10 ème dimanche du Temps ordinaire (Mt 9,9-13)

Caravage-Vocation de Matthieu

L’évangile de ce dimanche nous relate la venue de Jésus dans la vie d’un homme : Matthieu était publicain, c’est-à-dire collecteur d’impôts. Ce jour-là, un jour comme les autres, il était assis à son bureau et accomplissait son travail. Mais Jésus passe par là et voit Matthieu : dès lors, ce jour-là n’est plus un jour comme les autres ! Jésus ne se soucie pas de savoir si Matthieu effectuait son travail honnêtement ou pas. Ou plutôt, Jésus sait très bien que dans l’opinion commune, les publicains étaient méprisés : on les accusait de collaborer avec l’occupant romain, et de s’enrichir aux dépens de leurs frères. Mais Jésus sait aussi la puissance de la miséricorde dans une vie, et c’est cela qui l’intéresse, comme il le dira peu après aux pharisiens indignés de le voir prendre son repas avec des gens "pas assez fréquentables" selon eux. Citant le prophète Osée, il leur montrera les dispositions de bonté et de pardon qui sont celles de Dieu lui-même, qui dit : "C’est la miséricorde que je désire, et non les sacrifices". Ces pharisiens étaient sans doute de bons croyants et de bons pratiquants, pour employer des termes de notre époque. Mais ils étaient sans doute aussi un peu trop centrés sur eux-mêmes, et sur leur propre relation au Seigneur, ce qui leur faisait malheureusement oublier que malgré leurs défaillances et leurs faiblesses, les publicains et les pécheurs étaient avant tout… leurs frères ! Le regard de compassion, l’attitude de communion qu’ils auraient dû avoir envers eux n’était pas un "plus", mais la conséquence logique de leur amour du Seigneur, puisque, comme Jésus le dit ailleurs, l’amour de Dieu et l’amour du prochain ne forment qu’un seul et même commandement.

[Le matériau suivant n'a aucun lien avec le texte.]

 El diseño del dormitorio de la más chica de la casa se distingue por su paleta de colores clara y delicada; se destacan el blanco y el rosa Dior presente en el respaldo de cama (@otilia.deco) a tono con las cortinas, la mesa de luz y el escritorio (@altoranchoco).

Mais revenons à Matthieu : Jésus le voit et cela lui suffit pour discerner toutes les belles choses qu’il sera capable de vivre, pourvu qu’il mette ses pas dans les pas de Jésus. "Suis-moi" : qu’est-ce que cela signifie ? Matthieu ne réalise sans doute pas toutes les conséquences qu’aura le fait qu’il se mette à la suite de Jésus, mais l’appel de celui-ci est irrésistible : ce n’est pas un homme comme les autres qui l’appelle, c’est le Fils de Dieu fait homme ! Le suivre ne peut que conduire à la joie parfaite. Mais si Matthieu se lève et quitte tout pour suivre Jésus, il lui faudra aussi chaque jour, à chaque instant, renouveler ce désir de suivre Jésus, de vivre dans sa présence, de demeurer en son amour… Nous aussi, Jésus nous appelle à le suivre, dans la diversité de nos vocations dans l’Église, dans la diversité de nos engagements. Mais où que nous soyons, quoi que nous vivions, Jésus nous voit toujours et nous dit : "Suis-moi". Sans doute, dans nos vies, il y a des moments plus forts où nous avons fermement, clairement, dit au Seigneur notre désir de le suivre, de nous engager envers lui et envers nos frères et sœurs en Église, en humanité. Mais chaque jour, même dans la pauvreté et la faiblesse, nous devons entretenir ce désir de service et renouveler humblement cette offrande de nous-mêmes au Seigneur : lui redire que au-delà de tout, nous sommes toujours disponibles pour qu’il accomplisse en nous ce qu’il voudra, pour qu’il nous envoie annoncer la Bonne Nouvelle de son salut comme il voudra. Fr. Anthony-Joseph, ocd Haut

 
Des Lettres de Sainte Thérèse de l’Enfant-Jésus (LT 197 à sa sœur Marie)
 

Mes désirs du martyre ne sont rien, ce ne sont pas eux qui me donnent la confiance illimitée que je sens en mon cœur. Ce sont, à vrai dire, les richesses spirituelles qui rendent injuste, lorsqu’on s’y repose avec complaisance et que l’on croit qu’ils sont quelque chose de grand... Ces désirs sont une consolation, que Jésus accorde parfois aux âmes faibles comme la mienne (et ces âmes sont nombreuses) mais lorsqu’il ne donne pas cette consolation c’est une grâce de privilège, rappelez-vous ces paroles : "Les martyrs ont souffert avec joie et le Roi des Martyrs a souffert avec tristesse." Oui Jésus a dit : "Mon Père, éloignez de moi ce calice." Sr chérie, comment pouvez-vous dire après cela que mes désirs sont la marque de mon amour ?... Ah ! je sens bien que ce n’est pas cela du tout qui plaît au Bon Dieu dans ma petite âme, ce qui lui plaît c’est de me voir aimer ma petitesse et ma pauvreté, c’est l’espérance aveugle que j’ai en sa miséricorde...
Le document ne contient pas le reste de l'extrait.